SNS-amigo написал(а):


> Ленина трудно не узнать


К моему великому стыду узнал не сразу)


----------



## SNS-amigo

Сашка написал(а):


> У красноармейца полевой телефон.


Чисто логически можно предположить, что это какий-то аппарат связи, но вот какой(?), вряд ли кто сейчас понял бы. Другая эпоха - другие предметы. 

Я показал фото нескольким людям, один сказал - "это он к бутылке решил приложиться", другой - "решил побриться". Про телефон с ноутом почему-то никто не сказал. Наверное потому, что у них просто другие ассоциации.

_Добавлено через 1 минуту 51 секунду_


Сашка написал(а):


> узнал не сразу)


Ничего.  Это потому, что сейчас по телеку других "кудрявых" показывают. Другие ассоциации.


----------



## Сашка

там фрагмент, здесь вся картина 





На одной из мозаик — «Борьба за Советскую власть на Украине» — современные пассажиры усматривают у одного из партизан в руках мобильный телефон и КПК, а на коленях — ноутбук. В действительности он использует полевой телефон модели УНА-И или УНА-Ф, причём тяжёлую трубку партизан держит двумя руками, а то, что принимают за ноутбук — крышка от ящика с телефонным аппаратом[2]. Вместе с тем, указанные модели телефонов начали выпускать только во второй половина 20-х годов XX века. Надо полагать, что на мозаике изображён некий иностранный полевой телефон-передатчик.
wiki

_Добавлено через 3 минуты 34 секунды_
А про Ленина - не на виду как то щас его фейс, да и правильно это. То, что его раньше в ранг божества возводили - от родителей только и знаю, да из учебников истории. А спросить тех, кому сейчас лет по 12-15 кто такой Ленин, так они и не знают.


----------



## zaq

*SNS-amigo*, Ну "браво", мне сдаётся, как то слишком сильно.
Это просто номально. 
Трудно сразу не предположить в респектабельном господине Г. Уэллса, ведь это очень известный факт - беседа его с Лениным. А книга, написанная им после поездки в Россию в 1920 году - "Россия во мгле" достойна прочтения. 
Именно там одна из глав называется "Кремлевский мечтатель". 
Знакомо ведь?



Сашка написал(а):


> Вместе с тем, указанные модели телефонов начали выпускать только во второй половина 20-х годов XX века. Надо полагать, что на мозаике изображён некий иностранный полевой телефон-передатчик.

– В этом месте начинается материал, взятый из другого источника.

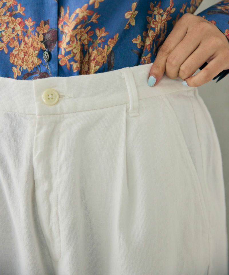 長めのレングスで足元は裾に生地がたまるルーズさが特徴。

Ну и метро строилось гораздо позже, так что думаю, какой образец художнику дали, то и сделал. Просто ляп.


----------



## SNS-amigo

Сашка написал(а):


> Надо полагать, что на мозаике изображён некий иностранный полевой телефон-передатчик.

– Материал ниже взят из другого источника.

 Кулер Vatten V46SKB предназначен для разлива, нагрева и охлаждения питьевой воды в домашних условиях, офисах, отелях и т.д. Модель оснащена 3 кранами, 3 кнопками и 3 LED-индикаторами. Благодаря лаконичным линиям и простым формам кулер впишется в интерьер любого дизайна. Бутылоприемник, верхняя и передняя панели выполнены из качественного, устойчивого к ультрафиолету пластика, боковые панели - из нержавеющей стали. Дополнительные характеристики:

Трофейный, добытый в неравном бою с технически более оснащённым противником!!!

_Добавлено через 4 минуты 59 секунд_


zaq написал(а):


> Знакомо ведь?


Увы, это уже знакомо не для всех. 
Это пока есть в нашей с вами памяти, и пока мы есть...

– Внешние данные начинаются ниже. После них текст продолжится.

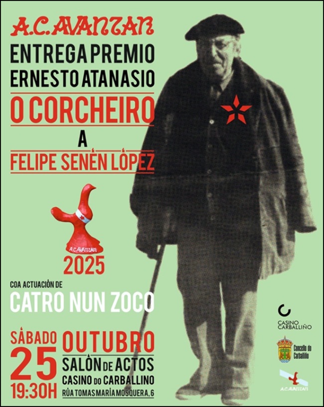 A asociación cultural A.C. Avantar ten o pracer de anunciar a entrega do Premio “O Corcheiro” a D. Felipe Senen López, en recoñecemento á súa traxectoria e labor.

*Но вернёмся к фильму Чарли Чаплина...*
Помня из документального кино щепетельность и придирчивость Ч.Ч. до каждой киношной мелочи, я уверен, что он вряд ли бы пропустил в массовку каких-то незнакомых или ненужных ему людей. Просто мы можем многого не знать. 

Гляньте на рекламку позади незнакомки с "телефоном". Что-то в ней есть. Какая-то задумка Ч.Ч...

После каждого его съёмочного дня сжигались километры отснятого материла с неудачными или ненужными сценами. Расточительность Ч.Ч. во время съёмок должна была окупаться после выхода кинофильма. И она с лихвой окупалась, если не в финансовом выражении, то в сознании и эмоциях кинозрителей. 

Двадцатый век миновал... Самоотверженных комиков, отдающих зрителю всего самого себя, горящих на работе и равных Ч.Ч., увы, сейчас уже почти не осталось. Потому, что людям нынешнего столетия нужны другие киногерои, говорящие матом, стреляющие из базук, взрывающие дома, авто и мосты, пугающие, кромсающие... Бр-р-р... 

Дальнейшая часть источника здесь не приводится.